To compare our results, we used the ESAT-6 protein of M. tuberculosis that was used as a positive control in the IGRA. In NetMHCII, ESAT identified two strong binding epitopes of rank <50% (epitope 1, QWNFAGIEAAASAIQ; epitope 2, WFAIEAAASAIQG). The IEDB showed greater binding affinity for HLA-DRB1 * 07: 01, HLA-DRB1 * 15: 01, HLA-DRB5 * 01: 01, HLA-DRB4 * 01: 01, HLA-DRB3 * 01: 01, and HLA-DRB1 * 03: 01 in the global population and to HLA-DRB1 * 07: 01 and HLA-DRB1 * 03: 01 in the Brazilian population. However, in the antigenicity analysis, the peptides QWNFAGIEAAASAIQ and WFAIEAAASAIQG did not show a peptide signal in SignalP and were located outside the host cell membrane as per TMHMM. Comparing the epitopes of ESAT-6 with the ones we found, the highest coverage of class II MHC was noted for the highest-class coverage percentage of 0% and <50%.
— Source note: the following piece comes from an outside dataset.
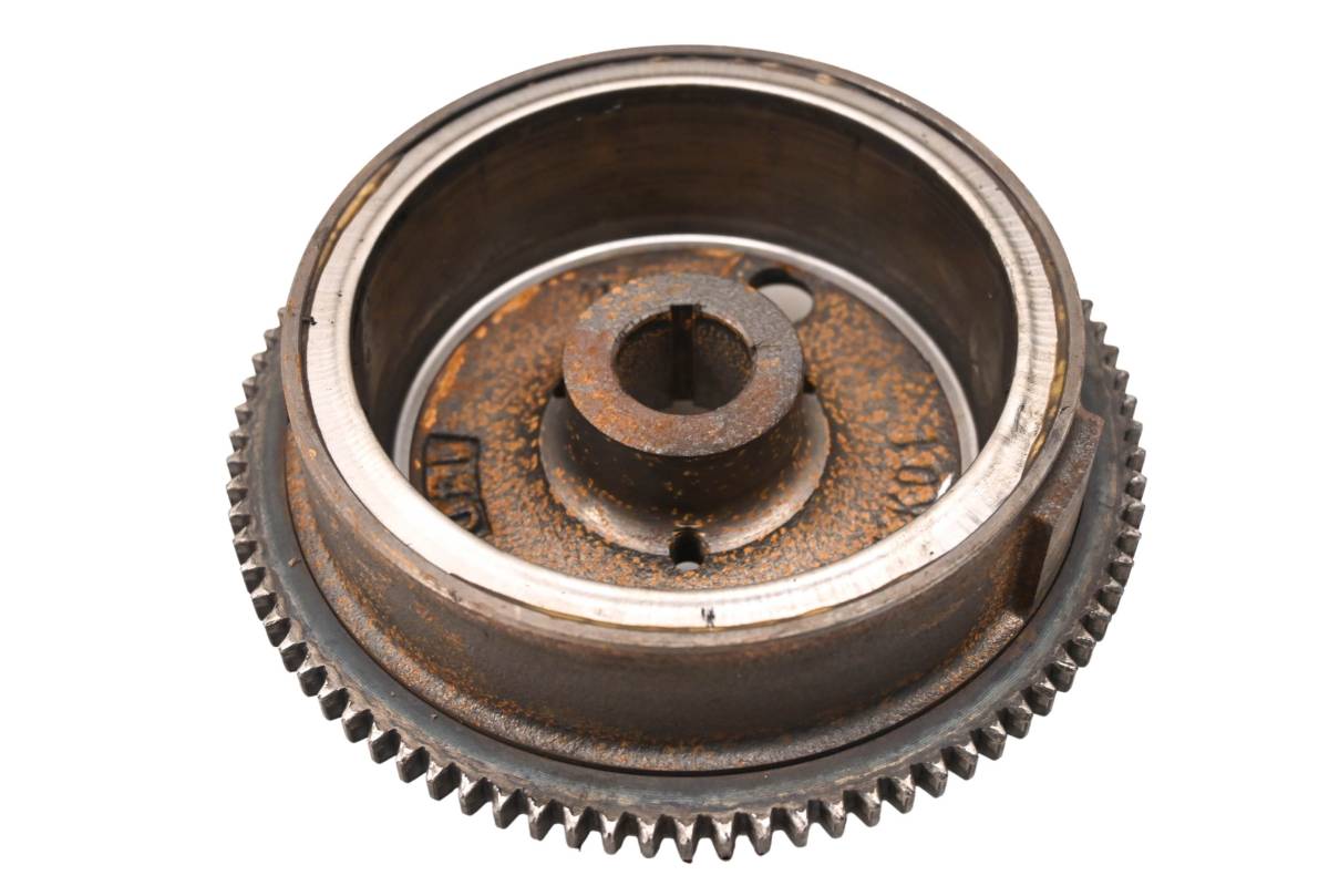 Flywheel is in good working condition. Finish has light wear from use. Comes as pictured. Was removed from a 2001 Polaris Ranger 500 6x6 and 991.8 hours.

Epitope 4 induced the highest IFN-γ secretion in silico, via MHC class II. This result was similar to that found for the ESAT-6 epitope. Epitopes 2 and 3 have been shown to induce greater production of IFN-γ. Only epitope 2 did not show any relation with IFN-γ. We used the IFNepitope algorithm to confirm the induction of cytokines such IL-4 by epitope 2. However, for this purpose, it is essential to utilize the support vector machine (SMV). Furthermore, the relationship of IL-4 shows the involvement of these antigenic regions with the humoral immune response [20] and may be used in other contexts. In summary, the results show that epitope 4––ERVSIIANPAVASLY––can be most easily synthesized and incorporated into the IGRA laboratory tool for diagnosis and monitoring of PCM.

5. Conclusions

The present study predicted, in silico, four conserved epitopes present in P. brasiliensis and P. lutzii with potential for in vitro stimulation of T lymphocytes. The epitopes demonstrated high affinity by human allelic subsets in the Brazilian population. The epitope ERVSIIANPAVASLY showed the best performance in the induction of INF-ɤ, as compared to the epitope of ESAT-6 used in tests for IGRA. Therefore, the epitope identified herein can be used in the development of an IGRA for PCM, which, in combination with clinical assessments, can assist in the clinical follow-up of patients with PCM.